Several studies have tried to address this data processing challenge by removing slices affected by DAs [3] or by using metal artifact reduction (MAR) algorithms [7]. Recently, a convolutional neural network (CNN) [8] and hand-crafted radiomic feature-based model [9] have been developed to detect the presence of DAs in CT volumes. However, to the best of our knowledge, no studies differentiated between DAs of different magnitudes or quantified how the location of these artifacts could affect quantitative imaging features used to train radiomic models. Furthermore, previous DA detection studies have classified hand-drawn regions of interest (ROI) as DA positive or DA negative [9] but have not examined the correlation between radiomic features in a given ROI and its distance from the DA source.

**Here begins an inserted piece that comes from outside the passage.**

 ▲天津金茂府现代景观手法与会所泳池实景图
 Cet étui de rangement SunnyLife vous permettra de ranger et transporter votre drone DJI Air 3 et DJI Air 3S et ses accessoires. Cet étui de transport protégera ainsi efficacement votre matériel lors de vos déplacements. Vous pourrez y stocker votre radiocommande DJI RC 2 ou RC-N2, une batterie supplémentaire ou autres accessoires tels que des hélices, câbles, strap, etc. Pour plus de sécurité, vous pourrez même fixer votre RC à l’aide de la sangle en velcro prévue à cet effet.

These methods, even if effective at screening datasets for artifacts, could cause vast amounts of data to be unnecessarily marked as unclean, even if the artifacts do not homogeneously affect radiomic features in the patient’s image volume.

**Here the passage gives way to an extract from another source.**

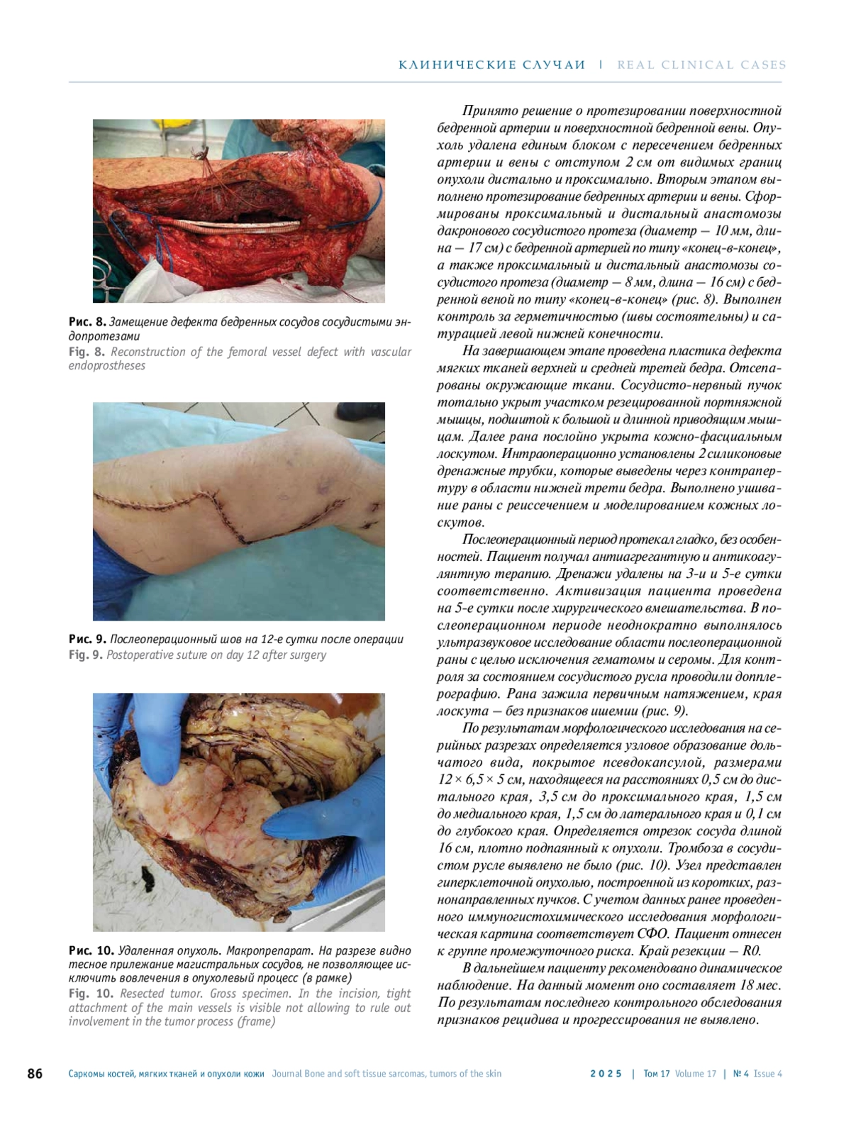 Введение. При неорганных забрюшинных саркомах с инвазией в магистральные сосуды выполнение обширных мультивисцеральных резекций с реконструкций сосудов является технической необходимостью. Несмотря на успехи онкососудистой хирургии, аспекты планирования и выполнения таких хирургических вмешательств остаются недостаточно изученными.

In this study, we introduce Detection of Artifacts for Automated Radiomics Technologies (DAART), a new algorithm to detect DAs on a per-slice basis in CT image datasets. Conventional image processing methods based on histogram-based thresholding and the CT sinogram are combined with a CNN network in order to create an automated three-class DA classifier and DA location detector for large radiomic datasets. Finally, we found a small set of radiomic features, all using the same filter, to be correlated with the physical distance between the DA and the gross tumour volume (GTV).
METHODS
The design of our study is represented in Figure 1.
Dataset retrieval and labelling
The dataset used for this study consists of 3,211 head and neck cancer CT image volumes collected from 2005-07-26 to 2017-08-17 at the University Health Network (UHN) in Toronto, Canada (REB approval #17-5871). This dataset is referred to as RADCURE. Each patient’s CT volume contained a median of 181 slices, with each slice consisting of 512 × 512 pixels. The median slice thickness varied between 2.0 and 3.0 mm for different patients and had a median of 2.0 mm (see Supplementary Table 1 for a comprehensive list of imaging settings).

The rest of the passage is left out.